On illiquid markets, we invest for the long term with patient capital. We have fundamental valuations that don't change from one quarter to the next or from one year to the other, so therefore it's much more stable. That's why we are still much more aligned with the long-term trends that are happening.
VT: So today, you're speaking at a panel session here at the IPEM Wealth in Cannes about thematic funds. Are these funds the next biggest thing in wealth channels? What's your take on this?

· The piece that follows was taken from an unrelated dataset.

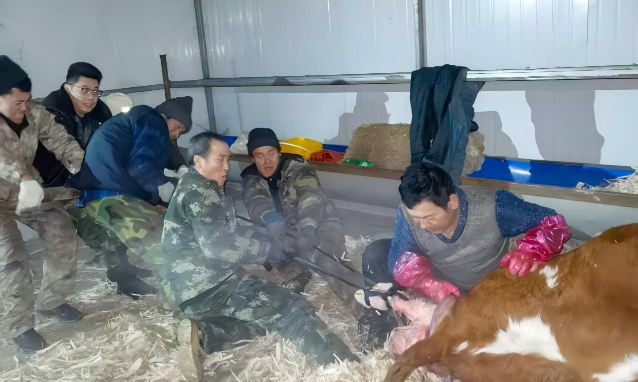 趕到牛棚時,發(fā)現(xiàn)一頭棕白花母牛臥在干草堆上,四肢抽搐,腹部劇烈起伏卻始終無法完成生產。 “別急,我們現(xiàn)在應該利用助產工具,現(xiàn)在必須立刻進行人工助產拖拽!” 民警一邊安撫養(yǎng)殖戶的情緒,一邊分工協(xié)作。兩個小時后,隨著母牛一聲響亮的低吼,在眾人的合力幫助下 ,小牛犢成功降生。

ALR: Thematic funds on the listed markets, typically on listed equity markets, are valued because the value proposition is very clear. It’s the same for private assets; it's a clear value proposition, and more and more investors want to do good with their money. Ideally, they want to combine robust financial returns with a positive impact regarding environmental and social issues. Investing thematically enables you to do that.
That's basically our investment thesis and value proposition at Mirova, and therefore it’s a pretty powerful message because there is no trade-off to make in that kind of investment strategy. Basically, if the technology or the solution proposed by the project components in which we invest is robust technologically and the market from a sales perspective is there, then the more business the project proponent makes, the more money, the more financial returns, and the more impact. That’s why they are truly correlated, and it’s a virtuous circle. That’s why we believe our investment thesis is here to stay, and thematic funds make sense in this perspective.
VT: More generally, what have you learned so far about the wealth sector? Because this is the IPEM Wealth.
ALR: What's interesting is that the wealth sector in private assets represents 5% of the total private assets AUM in the world. The inflows from wealthy investors represented, for the first half of last year in France, 20% of the inflows. So, the inflows are four times larger than the AUM. This trend is here to stay, we believe, because it's a great diversification tool for individual investors.
VT: Finally, what would you like to tell wealth professionals and their clients? What are your key messages here?
ALR: So basically, they should continue because private markets represent more than 80% of the global economy and more than 50% of the jobs. Being exposed to those private markets is clearly an addition to listed markets. The tools to invest in those private markets have been improved: lower ticket sizes, capacity to invest through online platforms, and favourable regulations such as ELTIF 2 or the green industry law in France. We believe that the tools are here, and the fundamentals are here as well to justify a much larger allocation from individual investors to private assets.